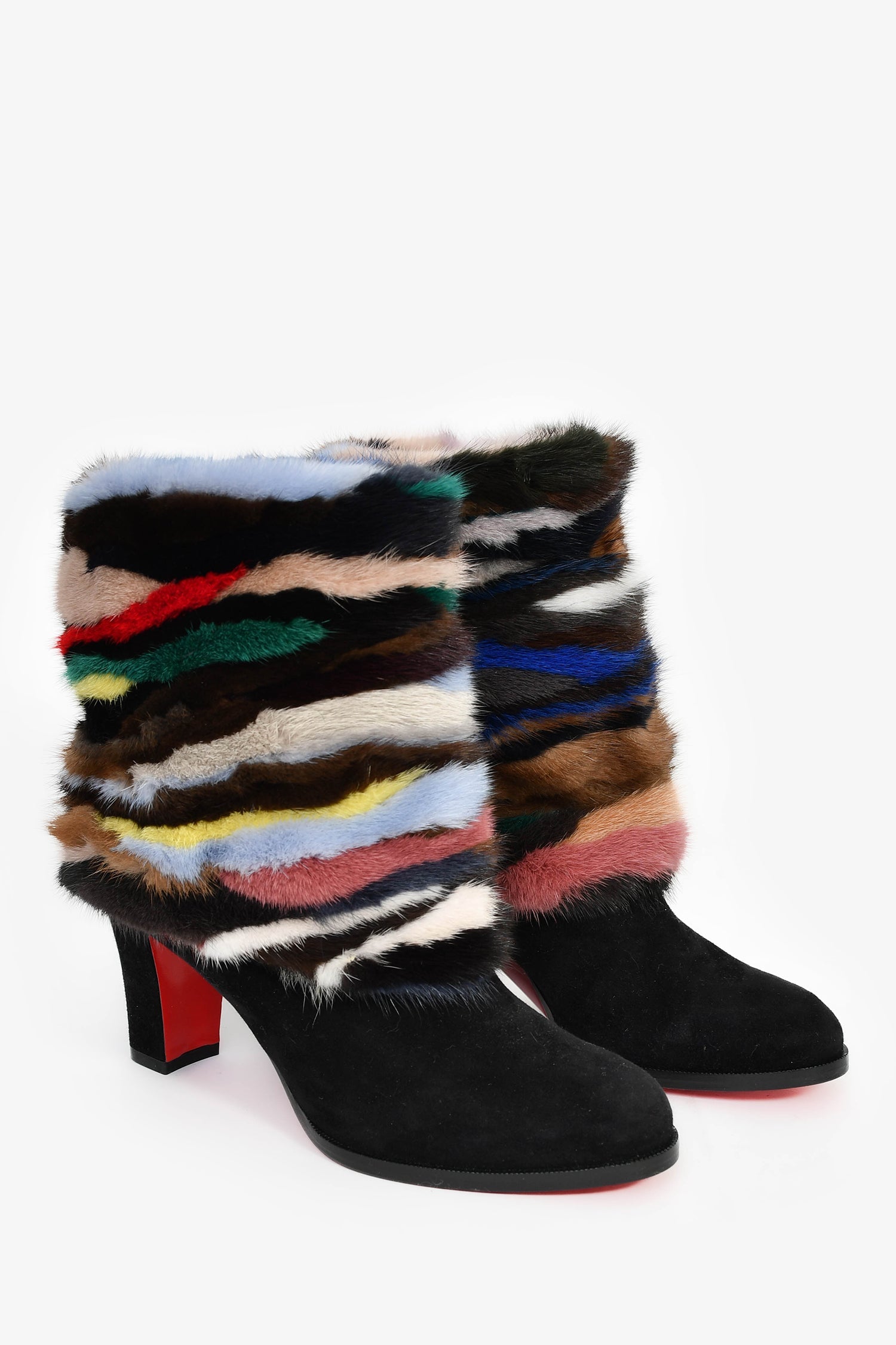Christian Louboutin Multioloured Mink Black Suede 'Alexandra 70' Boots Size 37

...

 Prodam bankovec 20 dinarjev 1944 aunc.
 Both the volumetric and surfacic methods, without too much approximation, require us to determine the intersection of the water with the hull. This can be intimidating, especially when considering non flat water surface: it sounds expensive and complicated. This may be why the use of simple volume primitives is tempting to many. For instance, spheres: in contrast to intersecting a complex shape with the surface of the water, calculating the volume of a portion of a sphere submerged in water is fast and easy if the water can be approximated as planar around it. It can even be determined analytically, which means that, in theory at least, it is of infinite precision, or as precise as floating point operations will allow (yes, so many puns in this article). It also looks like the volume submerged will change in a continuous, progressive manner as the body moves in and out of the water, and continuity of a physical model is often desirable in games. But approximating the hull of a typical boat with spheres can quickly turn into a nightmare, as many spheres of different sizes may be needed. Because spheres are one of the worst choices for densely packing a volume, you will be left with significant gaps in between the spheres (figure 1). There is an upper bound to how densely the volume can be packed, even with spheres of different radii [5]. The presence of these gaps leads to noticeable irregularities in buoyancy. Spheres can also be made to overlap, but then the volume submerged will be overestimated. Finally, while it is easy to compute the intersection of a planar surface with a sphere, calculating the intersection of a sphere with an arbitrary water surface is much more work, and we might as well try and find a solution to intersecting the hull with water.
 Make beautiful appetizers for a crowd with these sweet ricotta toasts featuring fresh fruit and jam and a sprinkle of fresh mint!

--

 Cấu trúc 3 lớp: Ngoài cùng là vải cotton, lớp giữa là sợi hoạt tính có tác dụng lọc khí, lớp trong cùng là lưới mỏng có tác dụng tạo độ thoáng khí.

## [Exercise instructions]
Out of the entries above, write out only the lines between the line holding "Prodam bankovec 20 dinarjev 1944 aunc." and the line holding "Both the volumetric", inclusive, each exactly as given.

## [Result of the exercise]
 Prodam bankovec 20 dinarjev 1944 aunc.
 Both the volumetric and surfacic methods, without too much approximation, require us to determine the intersection of the water with the hull. This can be intimidating, especially when considering non flat water surface: it sounds expensive and complicated. This may be why the use of simple volume primitives is tempting to many. For instance, spheres: in contrast to intersecting a complex shape with the surface of the water, calculating the volume of a portion of a sphere submerged in water is fast and easy if the water can be approximated as planar around it. It can even be determined analytically, which means that, in theory at least, it is of infinite precision, or as precise as floating point operations will allow (yes, so many puns in this article). It also looks like the volume submerged will change in a continuous, progressive manner as the body moves in and out of the water, and continuity of a physical model is often desirable in games. But approximating the hull of a typical boat with spheres can quickly turn into a nightmare, as many spheres of different sizes may be needed. Because spheres are one of the worst choices for densely packing a volume, you will be left with significant gaps in between the spheres (figure 1). There is an upper bound to how densely the volume can be packed, even with spheres of different radii [5]. The presence of these gaps leads to noticeable irregularities in buoyancy. Spheres can also be made to overlap, but then the volume submerged will be overestimated. Finally, while it is easy to compute the intersection of a planar surface with a sphere, calculating the intersection of a sphere with an arbitrary water surface is much more work, and we might as well try and find a solution to intersecting the hull with water.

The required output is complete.